После утренницы эконом Ефимко Скобелев, по обыкновению, собрал всю монашествующую братию на сушиле, чтобы определить на послушание. Странно, но в кельях вторым человеком после настоятеля отца Александра Голубовского оказался мирянин, да и сам-то скит был такого неслыханного досель на Руси толка, когда наряду с Христом тут славили и Иуду. Это даже и не ересь жидовствующих, проклятая на века, а нечто совсем дерзкое и душепагубное, коли грех творимый принимается за славу, почесть и радость. Были всякие скрытни, когда за честь считалось близкого спровадить в могилу насильством, но чтобы душу испроказить, а мечтать о рае?..

Монашены и чернцы сидели на лавках друг против друга, и ежли послушницы были юны и свежи (мовницы, стряпухи, скотницы, прислужницы), то монахи большей частью преклонных лет. Эконом восседал в резном деревянном креслице с пуховой подушкой и с каким-то неутолимым странным свирепством озирал всех, открыто презирая и ненавидя. Хиония, дремотно-снулая, сама чистота и покорство, сидела с переднего краю лавки. Особая ей честь. Эконом придирчиво оглядел ее стати, ничего позорного не высмотрел и остался доволен собою. Эконом знал, как сеять, чтобы не всходило, и за то девки любили его. Настоятель привез секрет из Каффы от тамошних бесерменов. Рядом с Хионией сутулилась дочь Епистолия: как ни скрывала она, как ни горбилась, но из-под рясы упрямо выпирал живот. Иссиня-бледное лицо ее уже принакрылось в подскульях ржавчинкой. Борясь с собою, эконом, однако, злобился на дочь, что вот принесла в подоле. Намедни он поймал ее на коровьем дворе, зажал в угол. Епистолию бил озноб. «Чего дрожишь? Не осина ведь», – спросил грубо. «Тебя боюся», – робко прошептала дочь. «Раньше надо было бояться, как по малину ходила. Не с медведкою же надула?» – спросил, сердцем прижаливая дочь и оттого еще пуще злобясь на нее. И вдруг спохватился, что не те речи поет: ведь радоваться надо, ибо любострастие – грех сладкий, особливо угодливый Богу. Настоятель так научал, а он, Христос наш, ведает небесные тайны. «Не бойся, – утешил, – батько отмолит. И тебе в счастие!..»

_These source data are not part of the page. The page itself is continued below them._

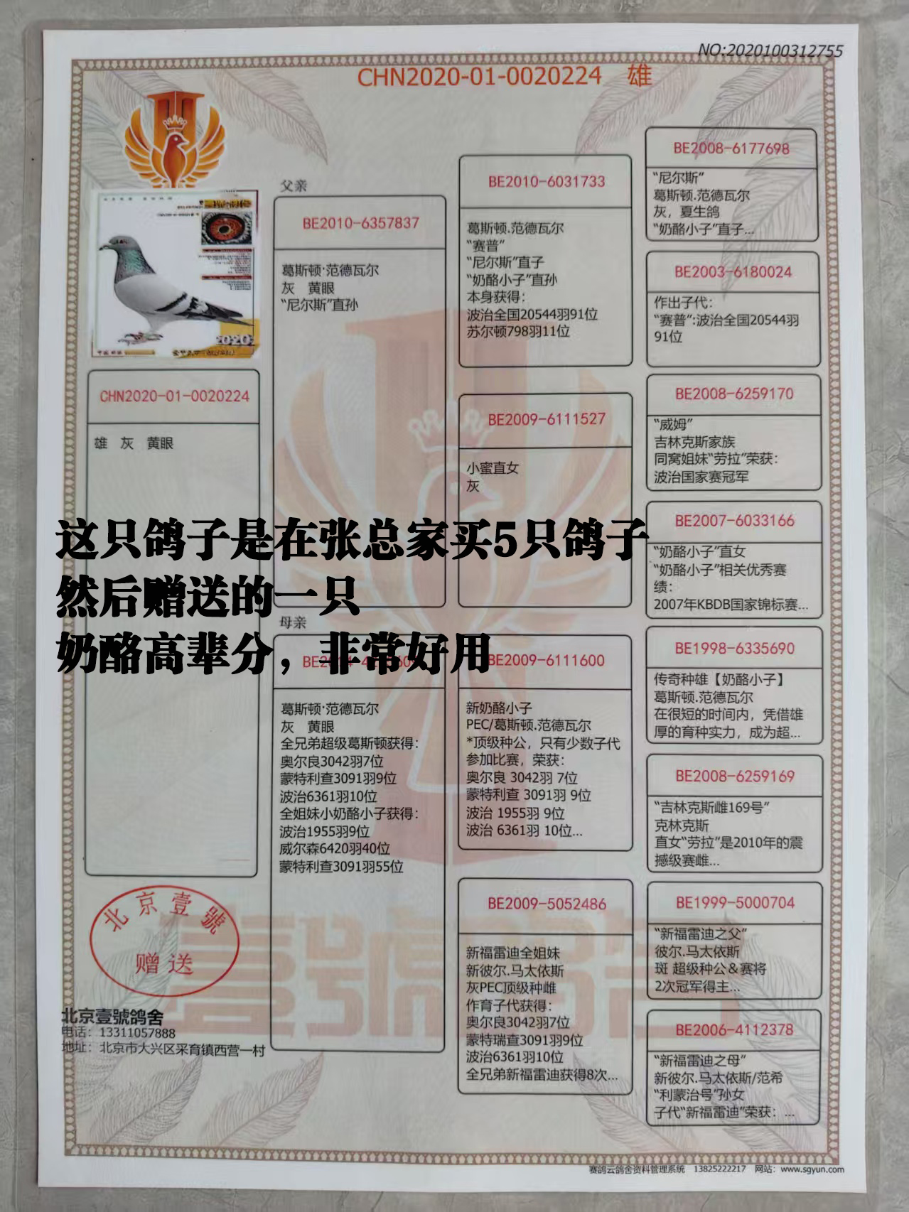 4、本期拍卖鸽有血统书的都已经上传,没有上传的代表没有血统书及足环证,介意勿拍,以免后续发生不必要麻烦。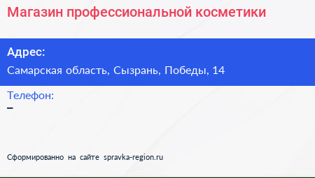 Магазин профессиональной косметики по адресу Самарская область, Сызрань, Победы, 14 в дальнейшем Организация, размещена в следующих категориях: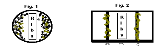 | Ribs need to be cooked slow and using indirect heat. This is done by placing coals on a charcoal grill on each side (fig. 1) or by turning on the outside burners on a gas grill (fig.2) in both these examples there is no heat source or fire directly under the ribs. Close the lid and cook about 1hr 15min. turning and flipping ribs every 15min. or so. |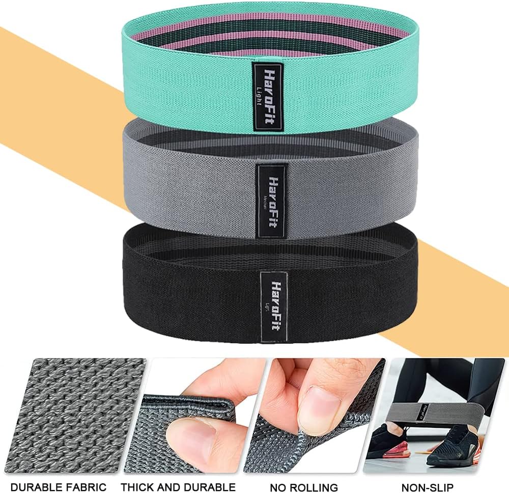 [Multifunctional]: HAROFIT Workout bands for women are very suitable for yoga, Pilates, weightlifting, squats, hot yoga and beach fitness, hip bridge, and other exercises. Cloth bands for working out help you exercise muscles and improve arms, and legs in a gentle and effective way. For buttocks and shoulders, booty bands are the best choice for exercise and fitness.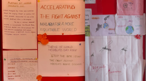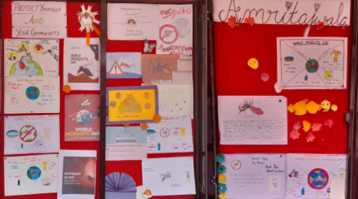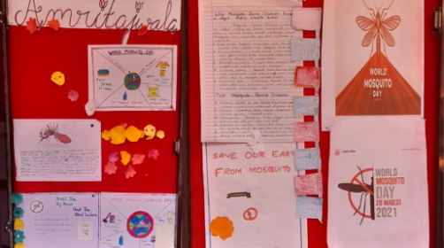 Amrita Vidyalayam, Pathanamthitta, observed World Mosquito Day with the objective of educating students about the harmful effects of mosquitoes and the importance of prevention. As part of the program, a bulletin board competition was organized for students in Classes VI–VIII, where they creatively presented charts, posters, and slogans highlighting mosquito-borne diseases and methods of control. An informative speech was delivered during the morning assembly, emphasizing the dangers of diseases such as malaria and dengue, while encouraging students to adopt simple preventive practices like maintaining cleanliness in their surroundings and avoiding stagnant water. The event not only enhanced awareness but also instilled a sense of responsibility among students to safeguard their health and contribute to a cleaner, healthier environment.

...На кого грешить? Эконом переводил ревнивый взгляд по чернцам, для какой-то нужды иль скрытого пока смысла отыскивая задельщика. Он отчего-то вдруг обиделся за дочь. Быстро же сообразили, чего там. Но келейщики все больше грибы старые, обабки трухлявые, богатством своим не похвалятся, уже на две стороны оплыли; ветер дунет – и повалятся, сердешные, во гробы. Весь их грех нынче – наушничают друг на друга, да ежли кто оладью иль хлебный каравашек упрет, исхитрясь, из кладовой, иль вместо канона, опершись на клюку, подремлет в моленной, пока не видит настоятель.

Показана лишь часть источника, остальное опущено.